The study also fits with mounting evidence that how aggressively the brain's immune system defends itself against viruses or other germs may be riskier than an actual infection, said Alzheimer's specialist Dr. Rudolph Tanzi of Massachusetts General Hospital. They tested the brain samples from the Mount Sinai Brain Bank, he said and were so surprised at the finding that they tested additional samples from other brain banks and found same results.
Researchers of a new study find evidence that backs the decades-old theory, opening the door for future researches. And what they found was that the herpes virus genes were interacting with genes known to increase a person's risk for Alzheimer's. Instead they were hoping to pinpoint genes that were unusually active in the brains of people with the earliest stage of Alzheimer's. By mid-century, a new diagnosis will occur every 33 seconds, and costs are expected to exceed $1 trillion annually.
"All these Alzheimer's brains in these separate, major brain banks have previously unsuspected substantial populations of herpesvirus genomes and that deserves an explanation wherever it falls in the pathogenesis", Gandy said. The combined funding support for this five-year endeavor is $185.2 million.
"The viral genomes were detectable in about 30% of Alzheimer's brains and virtually undetectable in the control group", said Sam Gandy, professor of neurology at the Icahn School of Medicine at Mount Sinai, New York and a co-author of the study.
"I look at this paper and it makes me sit up and say, 'Wow, '" said Alzheimer's Association scientific programs director Keith Fargo. "If it becomes evident that specific viral species directly contribute to an individual's risk of developing Alzheimer's or their rate of progression once diagnosed, then this would offer a new conceptual framework for understanding the emergence and evolution of Alzheimer's at individual, as well as population, levels".

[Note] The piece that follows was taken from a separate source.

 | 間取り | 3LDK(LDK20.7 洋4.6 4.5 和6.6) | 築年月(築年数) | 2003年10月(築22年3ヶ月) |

"The new study is impressive and very well designed".
The findings don't prove viruses cause Alzheimer's, nor do they suggest it's contagious. "This research reinforces the complexity of Alzheimer's disease, creates opportunities to explore Alzheimer's more thoroughly, and highlights the importance of sharing data freely and widely with the research community". The research team assessed up to 1000 postmortem brains of people who had Alzheimer's disease and those who did not.